The Wooden Wall Inside the Rec Centre
Behind a plain door at the Harry Jerome Sports Centre is a wooden track banked at 47 degrees — a near-vertical wall you can walk up to and touch. It is the only indoor velodrome west of Ontario, and almost nobody driving past knows it is there.
From the parking lot at 7564 Barnet Highway, the Harry Jerome Sports Centre reads as the kind of building any suburb keeps: low roof, wide doors, a gym smell that starts at the threshold. Then you step inside, past the everyday business of a rec centre, and the floor rises. It keeps rising. In the corners the wood tilts up to 47 degrees, which is steep enough that standing at the bottom you have to look up to see the top of it, the way you would look up at a roof from the sidewalk.

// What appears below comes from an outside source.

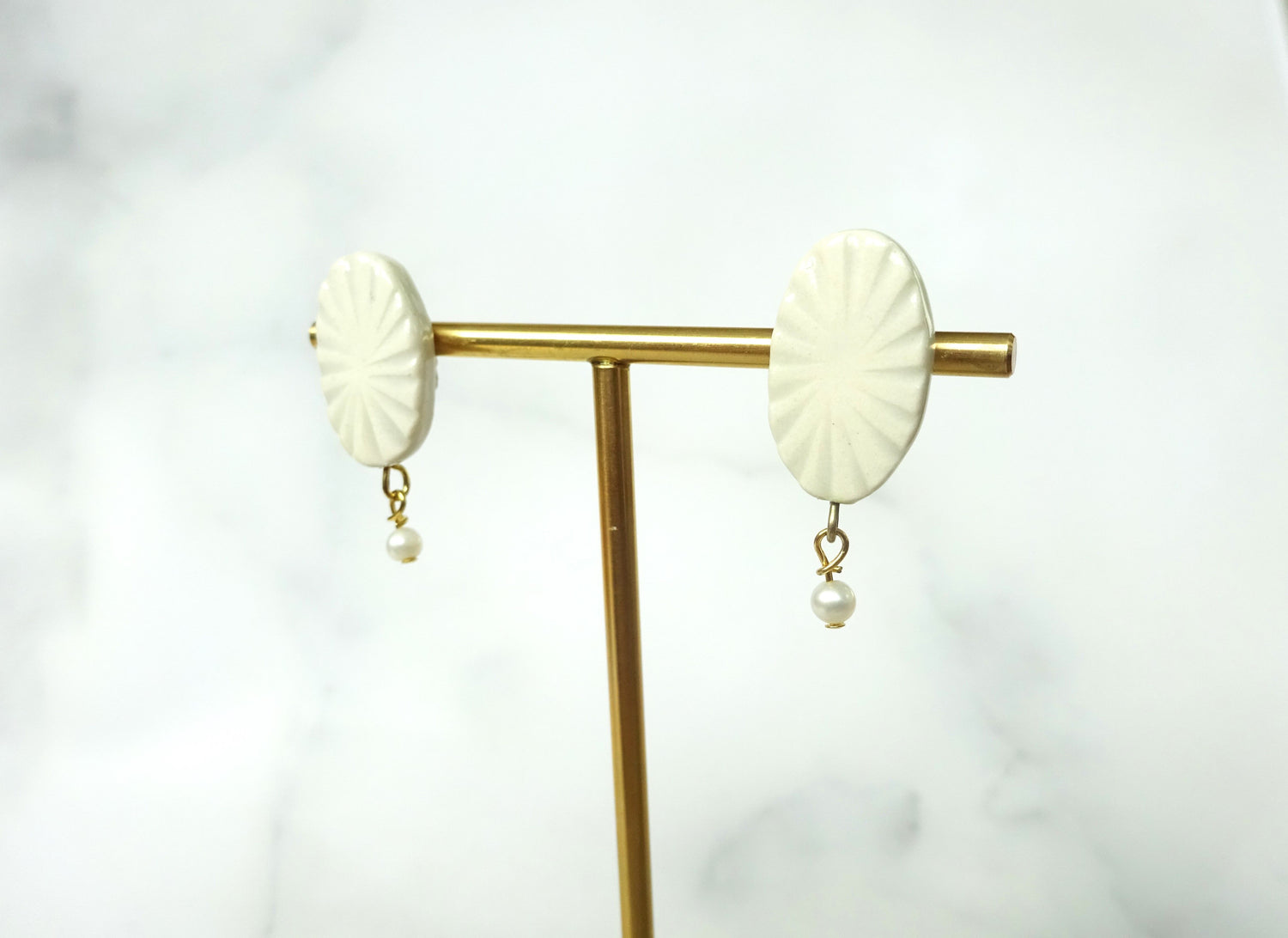 The combination of the texture and color of freshwater pearls and finely cut ceramics is a fun Pierced earrings/Clip-on earrings.

This is the Burnaby Velodrome, a 200-metre cycling track built of strip planks laid over plywood, six metres wide, banked at 47 degrees through the turns and 15 degrees along the straights. Roughly 150 people can sit around it. Empty, on a weekday afternoon, it has the hush of something built for speed and caught at rest.
A wall you have to earn
The banking is not decoration. A rider has to hold about 30 km/h just to stay on the steep part of the corner; slower than that and physics stops cooperating. So the wall is a wall until someone is fast enough to make it a road. Walk up to it and press a palm flat against the boards and you feel the pitch in your wrist, the sense that the surface wants to send you back down. Then a rider comes through the corner with the tyres humming on the wood, sitting sideways to the ground as though the rule about which way is down has been suspended for them, and the whole strange geometry of the place makes sense for about two seconds before they are gone into the next turn.
The track went up between 1991 and 1997 and opened on 17 November 1997, at a cost of around $1.5 million. It has been run since by the non-profit Burnaby Velodrome Club. It is the only indoor velodrome in the Pacific Northwest — the only one west of Ontario — which means that for a good part of the country, if you want to ride a banked wooden oval under a roof, you come here, to a corner of Burnaby most drivers pass without a glance.

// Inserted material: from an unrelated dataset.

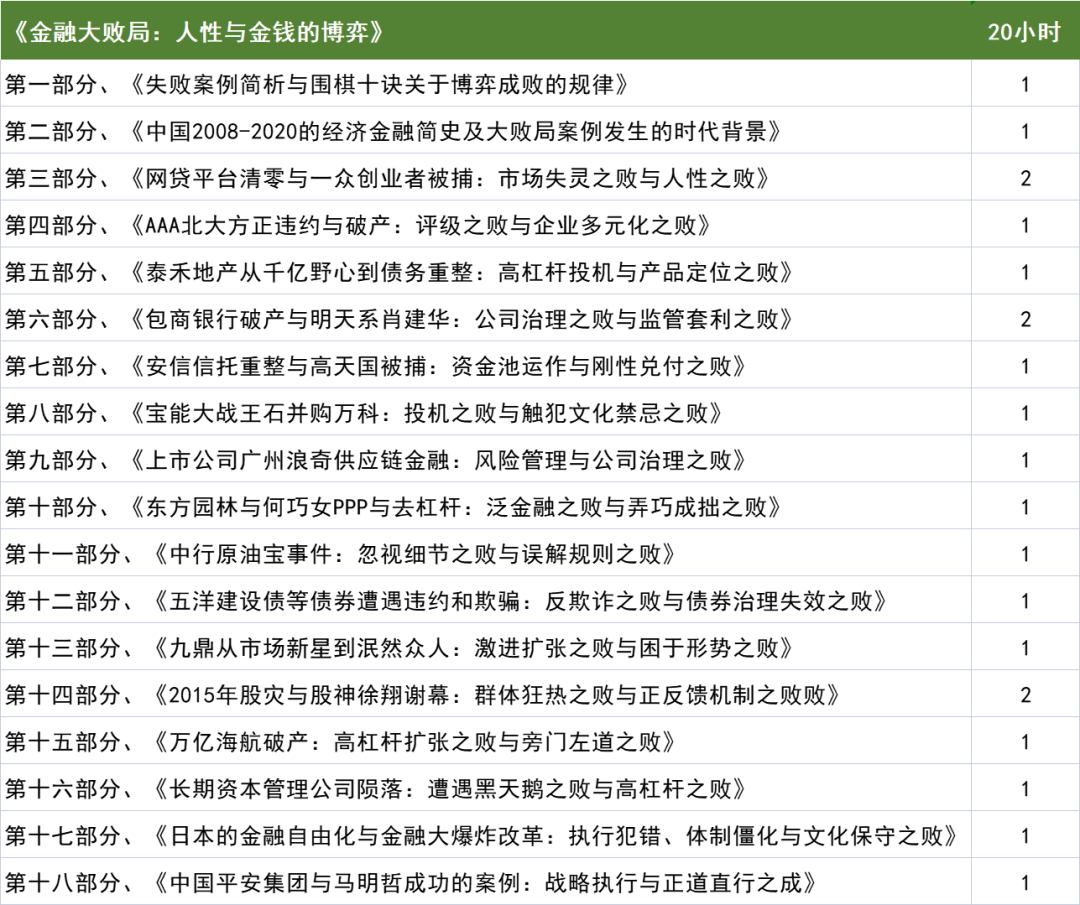 《金融大败局》读书视频,是作者宋光辉基于自已所写的《金融大败局》一书,做成的读书视频产品。每个细分领域的案例讲解2个小时,共19个案例。

The wood has needed looking after. An engineering report in October 2000 flagged structural concerns, and the track closed in May 2001. It sat quiet until the club's repair proposal was approved and it reopened in November 2002. A wooden track is a living thing in that sense, something that has to be kept, not just kept clean.
The track that came before
The Burnaby track exists because an older one did not survive. Before the wall inside the rec centre there was the China Creek Velodrome, an outdoor track built for the 1954 British Empire and Commonwealth Games and used from 1954 to 1980. It was open to the sky and the Vancouver rain, and it did not last: it was demolished to make room for Vancouver Community College's Broadway campus. Riders lost their oval, and for years the region had no proper track at all. The indoor track on Barnet Highway is the answer to that absence — the same sport, moved under a roof and up onto steeper boards, half a lifetime later.
The names that have come through the place carry more weight than the plain building lets on. Brian Walton, Tanya Dubnicoff, Lori-Ann Muenzer and Mandy Poitras all trained or raced on this track — riders who went on to race at the top of the sport, learning the wall in a Burnaby corner first. The record does not tell us, in a single tidy line, how many local kids first pushed off from the rail and discovered the trick of the banking on the same boards. That part is quieter, and it is still happening on club nights.
What stays with you is the ordinariness of the wrapper. You could drive Barnet Highway a hundred times and file the sports centre under the same category as every other one — hockey, badminton, a snack bar. And inside, holding its breath, is a wooden wall you can walk up to and touch, steep as a staircase, waiting for someone fast enough to ride it.